If piano-driven music is often most suggestive of the outer surface of the instrument — the pristine, orderly black-and-white keys or the immaculate curvature of a grand piano — Hauschka’s music reminds one more of the mechanical elements within. What If, German composer Volker Bertelmann’s eighth full-length release under the moniker, is as taut as a string and as aggressive as a hammer. Like much of his output, the record prominently features prepared pianos whose deconstructed sound illuminates physicality and imperfection. This is not an album for drifting off into a gentle reverie, but rather one that jerks you, uncomfortably perhaps, into the present.
With his compositions, Bertelmann seems eager to remind us that the piano is a percussion instrument after all, and What If is far more interested in rhythm than melody. On opening track “I Can’t Find Water”, he adds electronic whirring and clattering that lend an industrial sheen to the piece, but these serve mostly to accent and highlight the rhythms already put in place by the piano itself. The track feels like an assembly line where all the parts have come to life at once, held together with mechanical precision yet just disordered enough to sound human.
The dominant mood of the album is anxiety, which Bertelmann conveys largely through speed and repetition. Individual notes are rarely plucked only once, but rather are insistent, urgently wrought many times over, like someone ruminating over a troublesome thought. Elsewhere, this repetition is achieved more through electronic processing, as on “My Kids Live on Mars”, which features an arid thwapping sound like a sputtering engine. Yet What If does not drown in its own anxiety, often finding ways to sublimate it into something more useful. The same track, for example, also features a more considered, poignant piano line overlaying the frantic buzz, preventing the composition from dissolving entirely in worry.
“I Can’t Express My Deep Love” is the most straightforward and “pretty” piano piece here. It too is lovely and, well, expressive, moving dynamically between tempos and making use of pauses and drifting tremolos. Arriving at the midpoint of the album, it is a welcome respite that helps ward off fatigue from the more experimental, fretful numbers. “Nature Fights Back”, coming directly afterward, unfortunately, snuffs out its poignant mood in the record’s only misstep. The track features many of the same rhythmic elements as found elsewhere but somehow feels comical, like a caricature. It sounds like something that could soundtrack a silent movie about a nefarious, mustache-twirling gangster involved in a slapstick car chase. Comic relief, perhaps, but in this case, it is an unwelcome break from the rest of the album’s carefully curated mood.
Gladly, the remaining three tracks are a return to form. “Familiar Things Disappear”, one of the most overtly electronic offerings and a highlight of the record as a whole, features atmospheric, nearly apocalyptic analog synths and dramatic, booming percussion while nonetheless retaining Bertelmann’s characteristic subtlety. “Trees Only Exist in Books”, armed with a whimsical title like something out of the Welcome to Night Vale podcast, is the album’s lengthiest piece at seven-and-a-half minutes, and also one of its sparest. The track starts off with glacial gongs as if time itself is grinding to a halt, before a swell of strings overtake it and provide us with a denouement of all the work’s tension.

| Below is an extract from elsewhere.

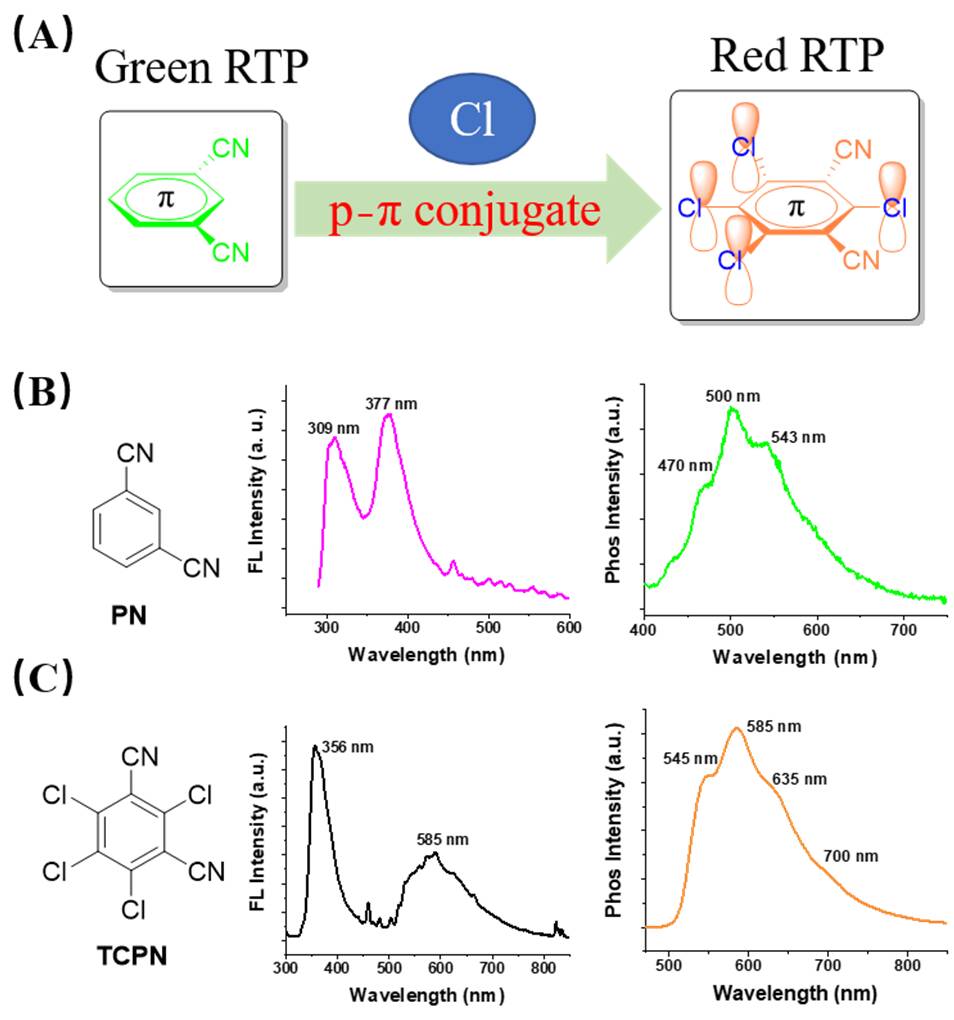 已报道的红色/NIR发射通常是通过扩展共轭体系获得,但稠合共轭体系的低溶解度、纯化困难等制约了其发展。苯环是构建共轭体系最简单、最基本的模块。然而,从单苯环中实现红色/NIR RTP仍然具有挑战性。利用p-π共轭,本文报道了一种具有红色/NIR RTP的单个苯环衍生物。其在585nm处显示最大RTP峰,在545nm、635nm和700nm处显示肩峰。这种构建模块与传统的扩展π共轭体系截然不同,可以为构建各种磷光材料提供指导,并重新激发人们对取代苯基础化学的兴趣。

What If manages the ambitious task of making anxiety and nervousness sound not only palatable but gratifying and engaging. While an undeniably cerebral work, the album unflinchingly maintains its emotional core throughout. Bertelmann’s minimal arrangements are careful, even lovingly constructed. As complex and challenging as this collection can be, it feels honest above all else. If you agree to follow along with its subtle modulations in mood and makeup, it will prove to be an edifying listen.